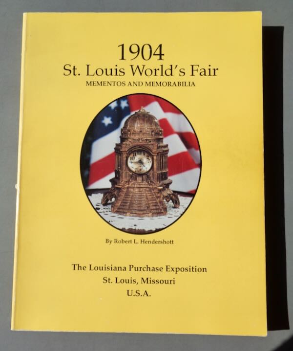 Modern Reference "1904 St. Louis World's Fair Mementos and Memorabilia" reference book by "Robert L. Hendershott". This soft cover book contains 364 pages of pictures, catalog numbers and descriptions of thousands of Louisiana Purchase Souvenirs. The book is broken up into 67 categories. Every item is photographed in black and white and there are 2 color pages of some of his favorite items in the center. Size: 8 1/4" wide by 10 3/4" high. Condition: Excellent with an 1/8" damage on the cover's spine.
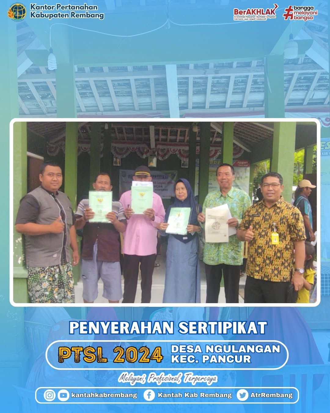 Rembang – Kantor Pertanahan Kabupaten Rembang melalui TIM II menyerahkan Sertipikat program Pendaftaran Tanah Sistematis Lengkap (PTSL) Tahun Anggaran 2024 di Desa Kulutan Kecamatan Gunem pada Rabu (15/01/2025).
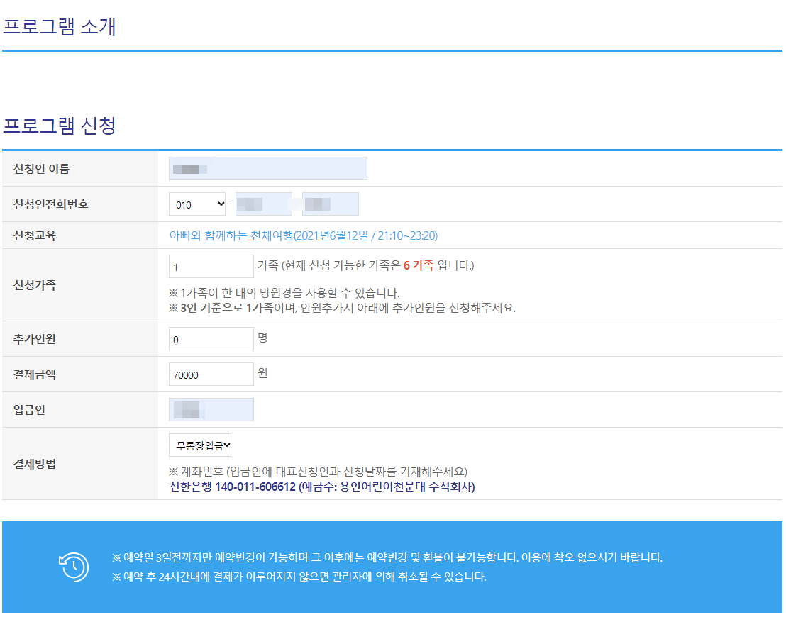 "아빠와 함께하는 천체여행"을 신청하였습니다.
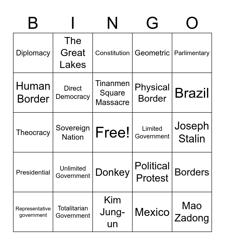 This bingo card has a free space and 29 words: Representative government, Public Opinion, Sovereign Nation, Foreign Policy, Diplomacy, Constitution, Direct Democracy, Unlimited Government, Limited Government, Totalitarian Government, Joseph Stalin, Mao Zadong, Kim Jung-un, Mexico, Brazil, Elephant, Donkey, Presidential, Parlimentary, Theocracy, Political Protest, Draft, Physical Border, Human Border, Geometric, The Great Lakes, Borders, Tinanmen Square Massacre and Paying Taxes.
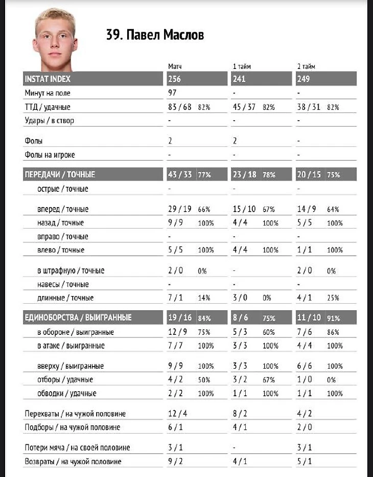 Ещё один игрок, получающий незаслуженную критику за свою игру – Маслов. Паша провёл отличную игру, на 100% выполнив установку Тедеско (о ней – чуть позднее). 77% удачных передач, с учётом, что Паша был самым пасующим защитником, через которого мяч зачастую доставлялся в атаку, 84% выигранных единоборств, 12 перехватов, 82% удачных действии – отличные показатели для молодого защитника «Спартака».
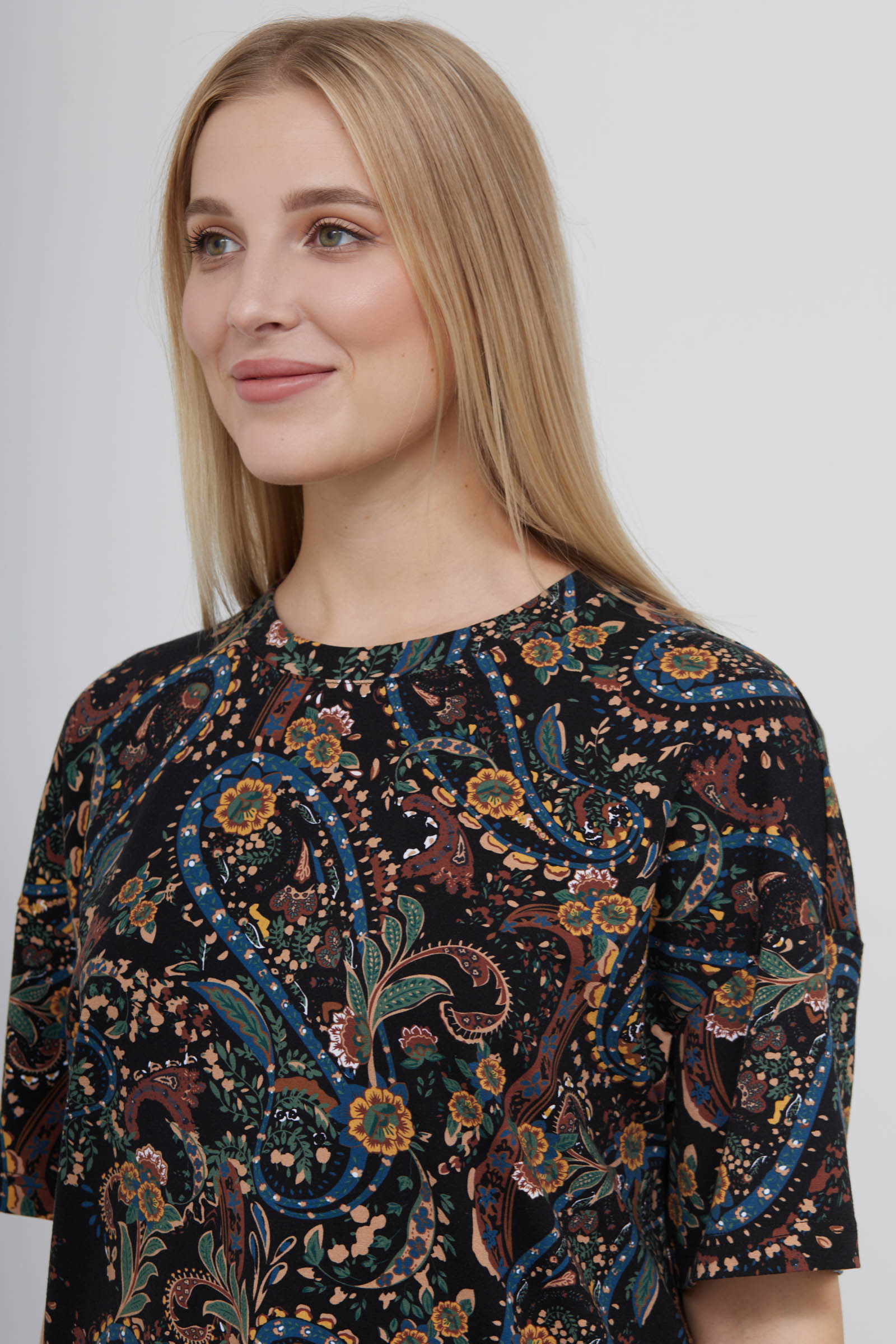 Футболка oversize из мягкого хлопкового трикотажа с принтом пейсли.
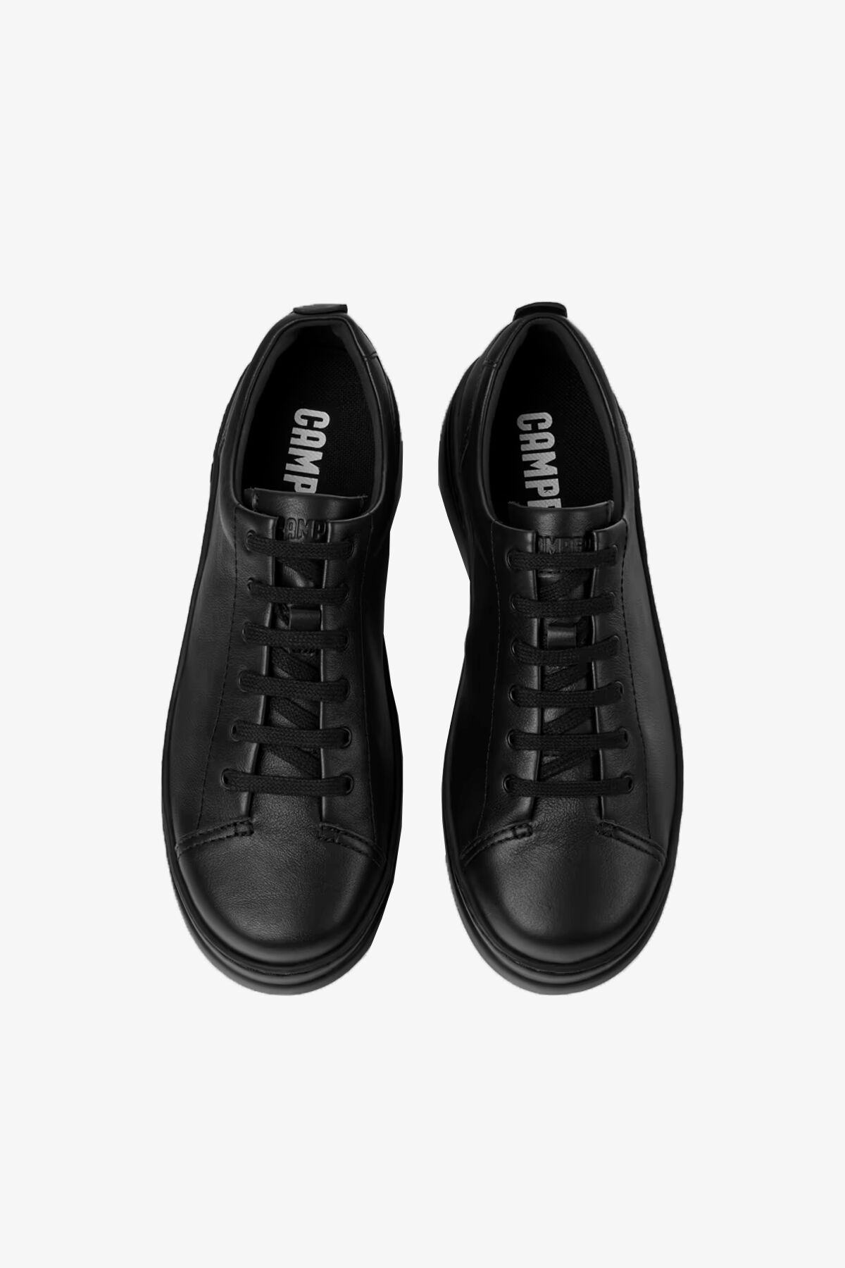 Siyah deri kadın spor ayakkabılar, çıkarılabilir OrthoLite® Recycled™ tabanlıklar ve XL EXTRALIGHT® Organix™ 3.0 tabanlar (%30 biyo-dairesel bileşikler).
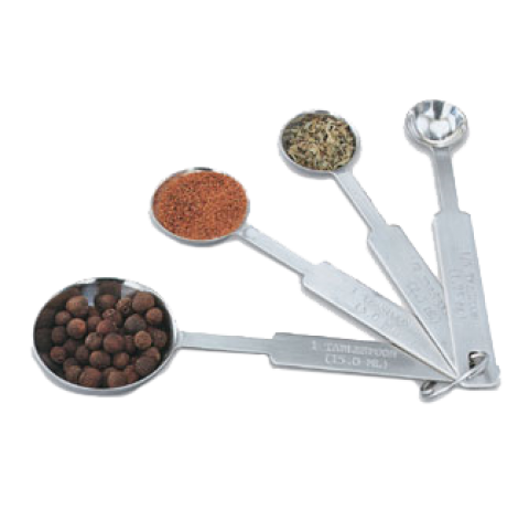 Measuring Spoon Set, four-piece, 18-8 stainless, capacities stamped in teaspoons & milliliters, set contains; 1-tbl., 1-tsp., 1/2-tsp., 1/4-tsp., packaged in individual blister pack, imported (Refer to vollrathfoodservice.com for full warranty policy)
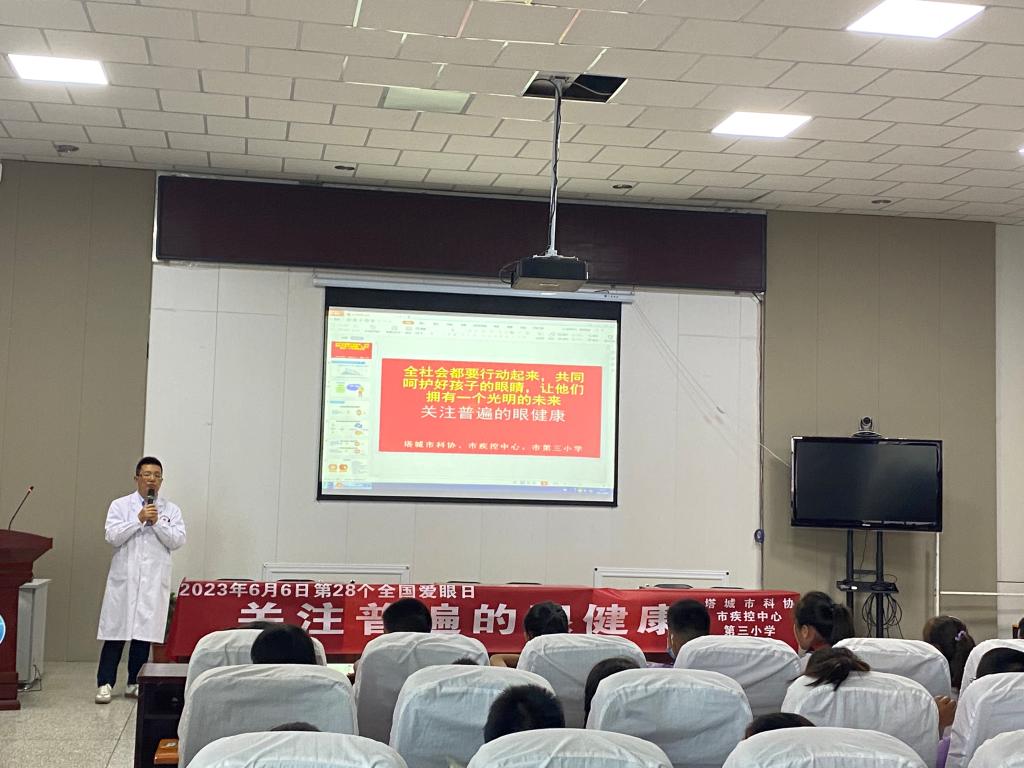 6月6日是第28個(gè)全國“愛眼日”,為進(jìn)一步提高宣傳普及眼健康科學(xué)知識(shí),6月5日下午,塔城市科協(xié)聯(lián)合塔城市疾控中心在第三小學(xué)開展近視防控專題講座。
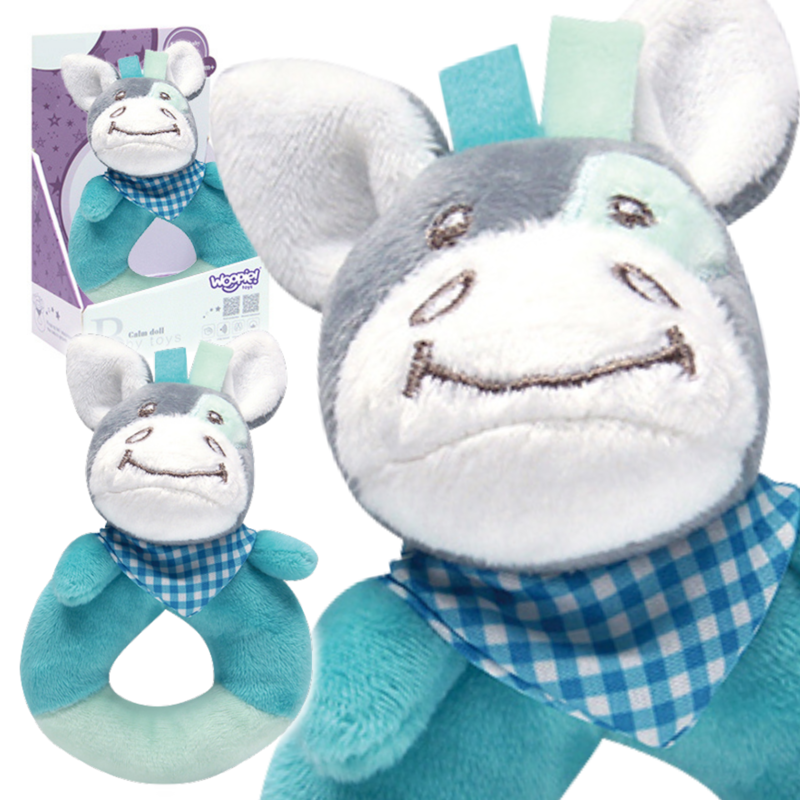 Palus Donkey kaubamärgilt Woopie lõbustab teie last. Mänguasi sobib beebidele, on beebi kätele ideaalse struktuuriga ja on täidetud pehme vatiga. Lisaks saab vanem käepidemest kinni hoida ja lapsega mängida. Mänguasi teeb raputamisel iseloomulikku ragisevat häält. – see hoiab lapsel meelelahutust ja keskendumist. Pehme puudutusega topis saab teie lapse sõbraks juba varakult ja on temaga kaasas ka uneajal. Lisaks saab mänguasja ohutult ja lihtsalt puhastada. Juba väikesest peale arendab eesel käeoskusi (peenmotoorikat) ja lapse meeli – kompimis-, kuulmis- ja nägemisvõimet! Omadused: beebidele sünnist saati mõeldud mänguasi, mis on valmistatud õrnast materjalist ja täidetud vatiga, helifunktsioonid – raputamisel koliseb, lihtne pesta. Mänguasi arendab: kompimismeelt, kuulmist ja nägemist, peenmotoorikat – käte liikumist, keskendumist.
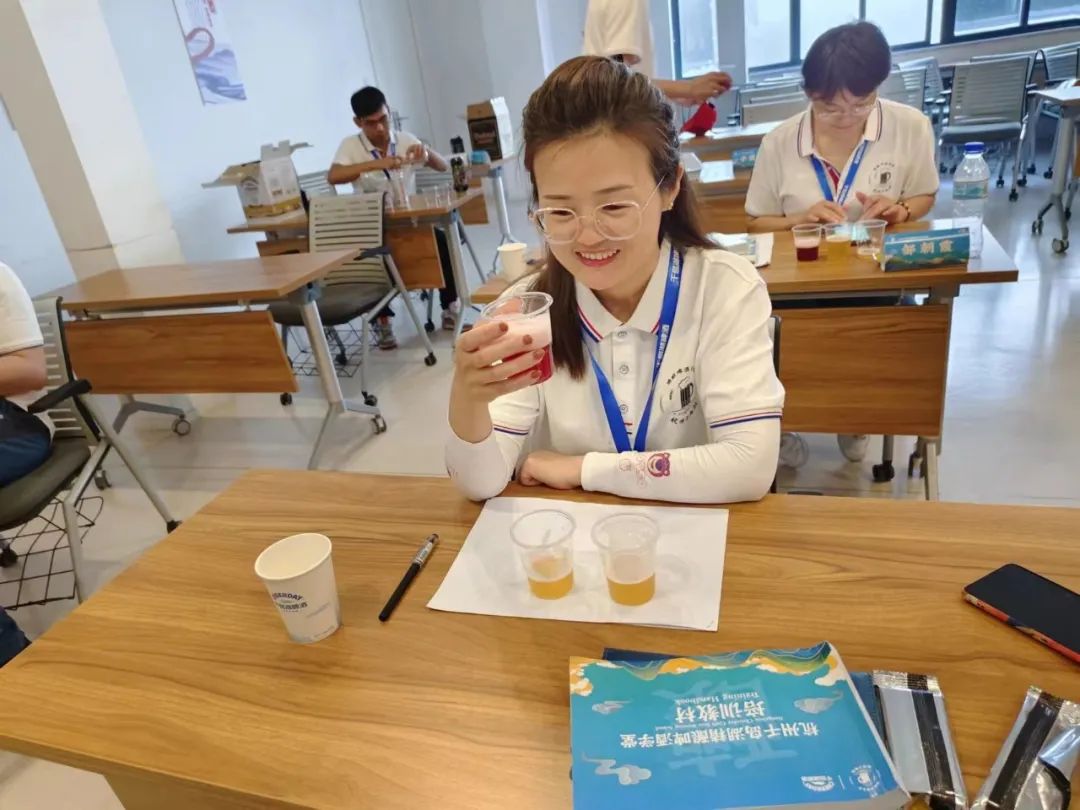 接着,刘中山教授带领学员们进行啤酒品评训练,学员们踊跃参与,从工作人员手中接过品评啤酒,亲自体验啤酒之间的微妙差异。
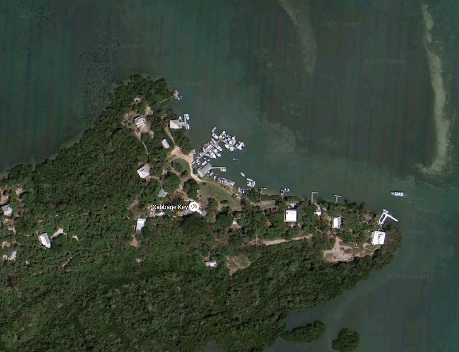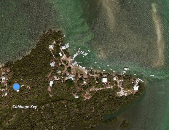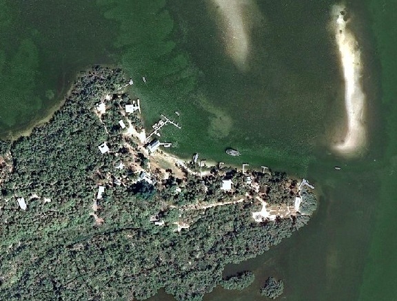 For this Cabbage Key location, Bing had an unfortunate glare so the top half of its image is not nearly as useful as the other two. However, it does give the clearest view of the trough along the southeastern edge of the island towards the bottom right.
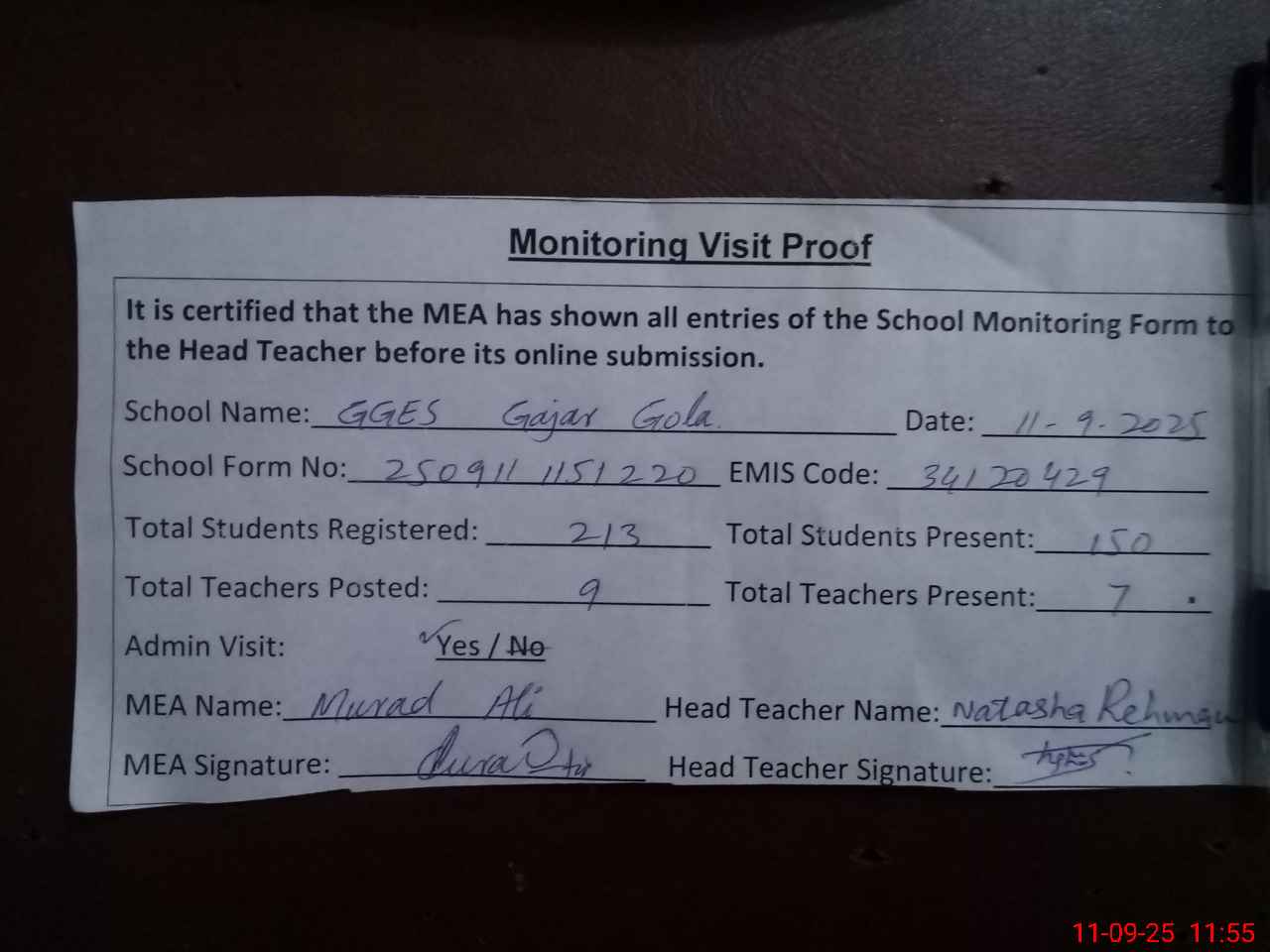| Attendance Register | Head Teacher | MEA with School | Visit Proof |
++++
| ACTION ITEM |
Your answer should consist of the lines above between those holding "Siyah deri kadın" and "接着,刘中山教授带领学员们进", inclusive, reproduced word for word and without pictures.

| TASK ANSWER |
 Siyah deri kadın spor ayakkabılar, çıkarılabilir OrthoLite® Recycled™ tabanlıklar ve XL EXTRALIGHT® Organix™ 3.0 tabanlar (%30 biyo-dairesel bileşikler).
 Measuring Spoon Set, four-piece, 18-8 stainless, capacities stamped in teaspoons & milliliters, set contains; 1-tbl., 1-tsp., 1/2-tsp., 1/4-tsp., packaged in individual blister pack, imported (Refer to vollrathfoodservice.com for full warranty policy)
 6月6日是第28個(gè)全國“愛眼日”,為進(jìn)一步提高宣傳普及眼健康科學(xué)知識(shí),6月5日下午,塔城市科協(xié)聯(lián)合塔城市疾控中心在第三小學(xué)開展近視防控專題講座。
 Palus Donkey kaubamärgilt Woopie lõbustab teie last. Mänguasi sobib beebidele, on beebi kätele ideaalse struktuuriga ja on täidetud pehme vatiga. Lisaks saab vanem käepidemest kinni hoida ja lapsega mängida. Mänguasi teeb raputamisel iseloomulikku ragisevat häält. – see hoiab lapsel meelelahutust ja keskendumist. Pehme puudutusega topis saab teie lapse sõbraks juba varakult ja on temaga kaasas ka uneajal. Lisaks saab mänguasja ohutult ja lihtsalt puhastada. Juba väikesest peale arendab eesel käeoskusi (peenmotoorikat) ja lapse meeli – kompimis-, kuulmis- ja nägemisvõimet! Omadused: beebidele sünnist saati mõeldud mänguasi, mis on valmistatud õrnast materjalist ja täidetud vatiga, helifunktsioonid – raputamisel koliseb, lihtne pesta. Mänguasi arendab: kompimismeelt, kuulmist ja nägemist, peenmotoorikat – käte liikumist, keskendumist.
 接着,刘中山教授带领学员们进行啤酒品评训练,学员们踊跃参与,从工作人员手中接过品评啤酒,亲自体验啤酒之间的微妙差异。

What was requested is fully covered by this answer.